Simple how easy to deploy TF-IDF , right ?

#Part 3 — Getting feature names of final words that we will use to tag documents

analyze = vectorizer.build_analyzer()print(‘Document 1’,analyze(Document1))print(‘Document 2’,analyze(Document2))print(‘Document 3’,analyze(Document3))print(‘Document transform’,X.toarray())Output>>>Document 1 [‘it’, ‘is’, ‘going’, ‘to’, ‘rain’, ‘today’]Document 2 [‘today’, ‘am’, ‘not’, ‘going’, ‘outside’]Document 3 [‘am’, ‘going’, ‘to’, ‘watch’, ‘the’, ‘season’, ‘premiere’] Document transform [[0. 0.27824521 0.4711101 0.4711101 0. 0. 0. 0.4711101 0. 0. 0.35829137 0.35829137 0. ] [0.40619178 0.31544415 0. 0. 0.53409337 0.53409337 0. 0. 0. 0. 0. 0.40619178 0. ] [0.32412354 0.25171084 0. 0. 0. 0. 0.4261835 0. 0.4261835 0.4261835 0.32412354 0. 0.4261835 ]]

See how each sentence is broken in words and each word is represented as a number for the machine, I’ve broken both above.

#Part 4 — Vectorizing or creating a matrix of all three documents and finding feature names

X = vectorizer.fit_transform(Doc)print(vectorizer.get_feature_names())Output>>> 
[‘am’, ‘going’, ‘is’, ‘it’, ‘not’, ‘outside’, ‘premiere’, ‘rain’, ‘season’, ‘the’, ‘to’, ‘today’, ‘watch’]

The output signifies the important words which add context to 3 sentences.

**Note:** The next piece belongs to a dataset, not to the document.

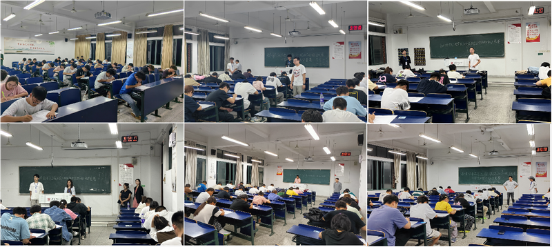 考试采取闭卷形式,历时2个小时,共设6间考场,学院团委学、学生会骨干担任监考。考试期间,学院团委负责人田园、全体2024级专兼职辅导员以及学长导员进行巡考,要求同学们要严肃考风考纪,鼓励同学们争取优异成绩。

These are the words that are important in all 3 sentences and now you can ask questions of whatever nature you like to the machine, stuff like

What are similar documents?

When will it rain ?

I am done, what to read next ?

Because the machine has a score to help aid with these questions, TF-IDF proves a great tool to train machine to answer back in case of chatbots as well.

If you would like to view the full code -

Go checkout my Github here > Check Bag of words code.

TF-IDF/Term Frequency Technique: Easiest explanation for Text classification in NLP with Python (2024)
Top Articles
Latest Posts
Article information

Author: The Hon. Margery Christiansen

Last Updated:

Views: 5325

Rating: 5 / 5 (50 voted)

Reviews: 81% of readers found this page helpful

Author information

Name: The Hon. Margery Christiansen

Birthday: 2000-07-07

Address: 5050 Breitenberg Knoll, New Robert, MI 45409

Phone: +2556892639372

Job: Investor Mining Engineer

Hobby: Sketching, Cosplaying, Glassblowing, Genealogy, Crocheting, Archery, Skateboarding

Introduction: My name is The Hon. Margery Christiansen, I am a bright, adorable, precious, inexpensive, gorgeous, comfortable, happy person who loves writing and wants to share my knowledge and understanding with you.